Our purpose was to evaluate the long-term benefit of myocardial viability assessment for stratifying risk and selecting patients with low ejection fraction for coronary artery bypass grafting and to determine the relation between the severity of anginal symptoms, the amount of ischemic myocardium, and clinical outcome.


We studied 93 consecutive patients with severe coronary artery disease and low ejection fraction (median, 25%) who underwent positron emission tomography to delineate the extent of perfusion-metabolism mismatch (reflecting hibernating myocardium) for potential myocardial revascularization. Median follow-up was 4 years (range, 0 to 6.2 years).

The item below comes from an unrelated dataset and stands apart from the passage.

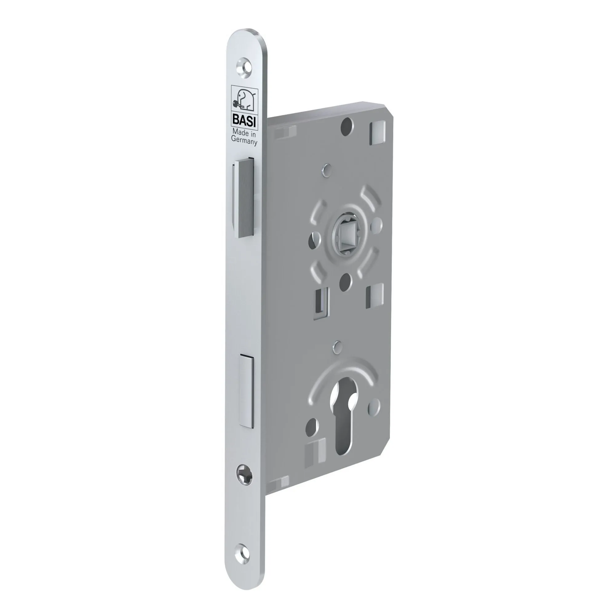 Das Einsteckschloss ES 929 ist für Eingangstüren und Zimmertüren ausgelegt und verfügt über eine Wechselfunktion. Es entspricht dem TGL-Maß und ist mit einer Profilzylinder-Lochung ausgestattet. Der Stulp ist abgerundet und nickel-silber lackiert, während Falle und Riegel aus Metall gefertigt sind. Die Maße des Schlosses umfassen ein Dornmaß von 55 mm, eine Entfernung von 72 mm sowie einen Vierkant von 8 mm.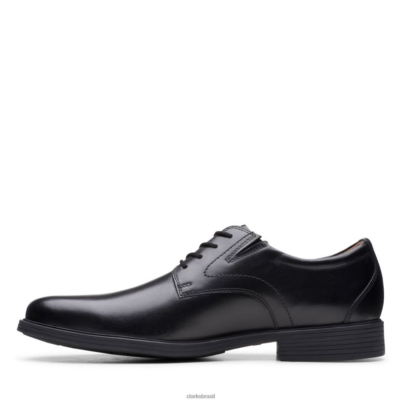 um perfil atemporal adicionado à coleção Clarks, este sapato masculino elegante com cadarços combina couro preto liso com um formato clássico de biqueira arredondada

Fifty patients received medical therapy, and 43 patients underwent bypass grafting. In Cox survival models, heart failure class, prior myocardial infarction, and positron emission tomographic mismatch were the best predictors of survival. Patients with positron emission tomographic mismatch receiving bypass grafting had improved 4-year survival compared with those on medical therapy (75% versus 30%; P =.007) and a significant improvement in angina and heart failure symptoms. In patients without positron emission tomographic mismatch, bypass grafting tended to improve survival and symptoms only in those patients with severe angina (100% versus 60%; P =.085), whereas no survival advantage was apparent in patients with minimal or no anginal symptoms (63% versus 52%; P =.462).


Patients with low ejection fraction and evidence of viable myocardium by positron emission tomography have improved survival and symptoms with coronary bypass grafting compared with medical therapy. In patients without evidence of viability, survival and symptom improvement with bypass grafting are apparent only among those patients with severe angina.